Directions for this task:
Could you output each line below exactly as it appears, excluding any pictures?

--- Data excerpt ---

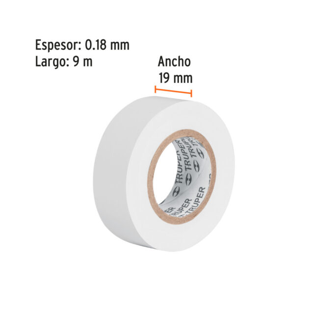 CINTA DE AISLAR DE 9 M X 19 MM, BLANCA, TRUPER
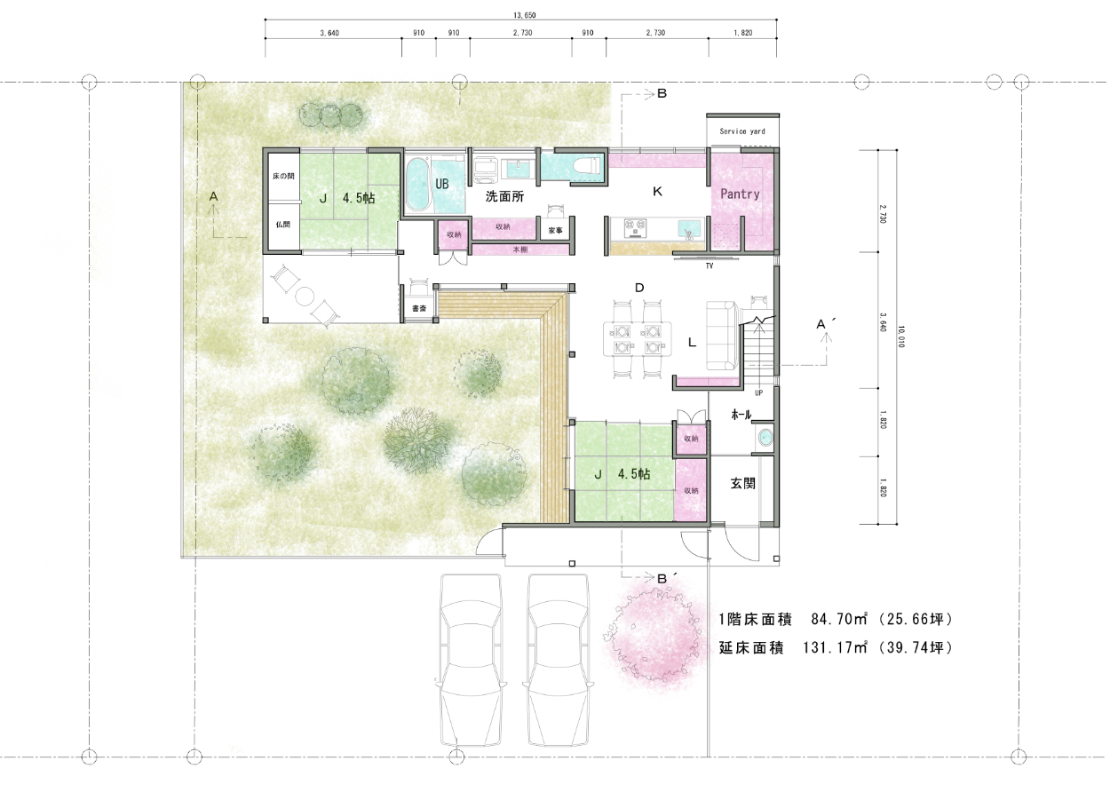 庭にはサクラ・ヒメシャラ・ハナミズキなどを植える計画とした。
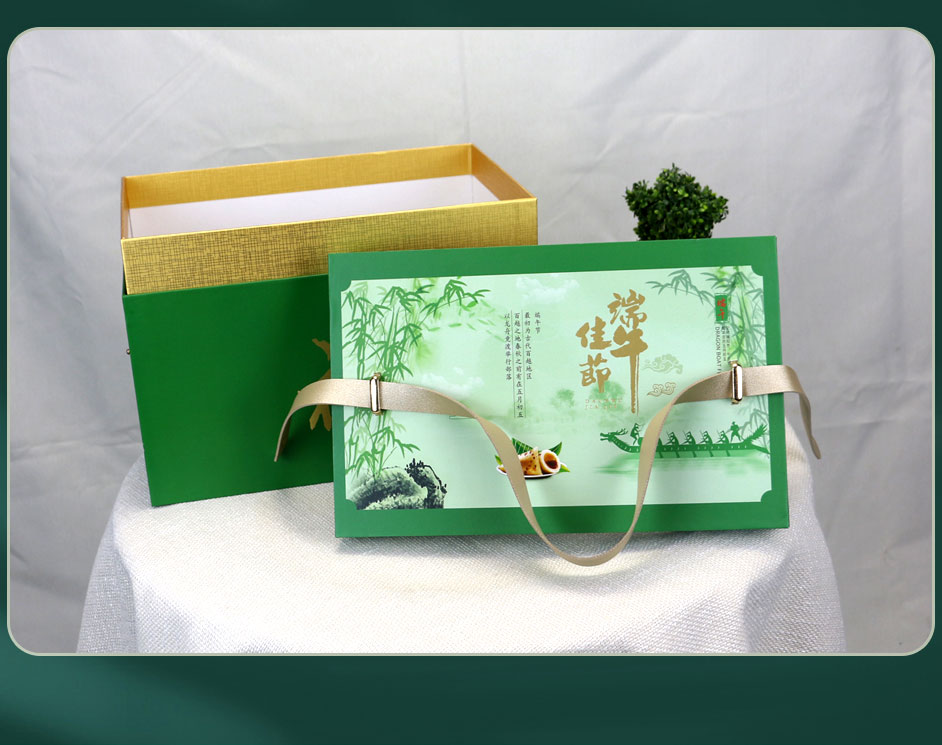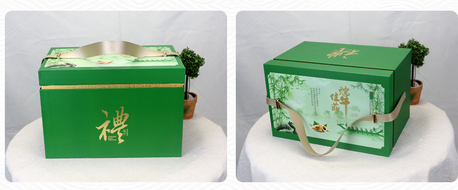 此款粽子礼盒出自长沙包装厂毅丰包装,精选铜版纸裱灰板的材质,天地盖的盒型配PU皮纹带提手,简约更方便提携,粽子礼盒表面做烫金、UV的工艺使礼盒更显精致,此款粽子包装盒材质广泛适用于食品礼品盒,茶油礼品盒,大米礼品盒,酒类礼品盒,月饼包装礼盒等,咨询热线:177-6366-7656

---

Output of the exercise:
 CINTA DE AISLAR DE 9 M X 19 MM, BLANCA, TRUPER
 庭にはサクラ・ヒメシャラ・ハナミズキなどを植える計画とした。
 此款粽子礼盒出自长沙包装厂毅丰包装,精选铜版纸裱灰板的材质,天地盖的盒型配PU皮纹带提手,简约更方便提携,粽子礼盒表面做烫金、UV的工艺使礼盒更显精致,此款粽子包装盒材质广泛适用于食品礼品盒,茶油礼品盒,大米礼品盒,酒类礼品盒,月饼包装礼盒等,咨询热线:177-6366-7656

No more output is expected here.